Toronto, August 22, 2002—The cutting edge work of Ontario film and video artists will find new audiences thanks to a pilot project between TVO and the Ontario Arts Council (OAC). Masterworks, TVO's popular arts documentary series, will air Exposures: The Art of Film and Video, seven OAC-supported short works September 5 and 12, starting each night at 10:00 p.m.

With additional funding from the OAC, but still shot on shoestring budgets, these short experimental and non-traditional films deal with a range of themes from loss, memory, and passion, to the struggle for cultural identity, coming of age, and living with illness.
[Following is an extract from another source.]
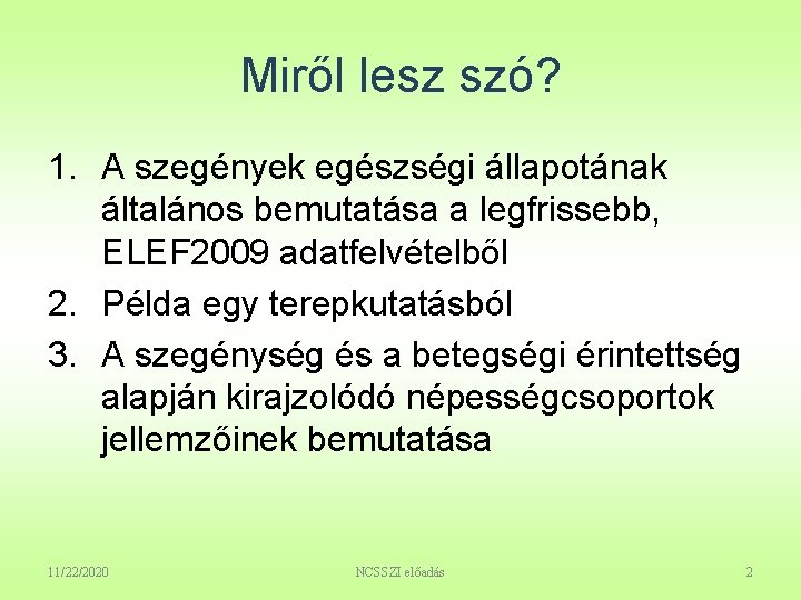 Miről lesz szó? 1. A szegények egészségi állapotának általános bemutatása a legfrissebb, ELEF 2009 adatfelvételből 2. Példa egy terepkutatásból 3. A szegénység és a betegségi érintettség alapján kirajzolódó népességcsoportok jellemzőinek bemutatása 11/22/2020 NCSSZI előadás 2

The lineup for Thursday, September 5 starts with The Little Black Dress (90 seconds), by Cathy Daley, an animated visual poem featuring an elusive black gown that transforms at will into various shapes and sizes. Charles Officer’s When Morning Comes (17 minutes) explores family love and family dynamics, following a young father who struggles through addiction as he works to meet the expectations of his seven-year-old son. Filmed in Toronto and Berlin, Dizzy (19 minutes), by Andrew Hall, is a love story told through flashbacks triggered by dizziness. It tells of the search for sexual and personal identity in the modern world. The Last Split Second (7 minutes) from acclaimed filmmaker Judith Doyle, is a visceral account of a car crash and the days after. The film is an adaptation of the words of Toronto artist Andy Patton, who survived a broken back as the result of a car accident, and layers stock footage, digital effects, computer animation, optical printing, and film chemistry to convey shock and the effects of trauma.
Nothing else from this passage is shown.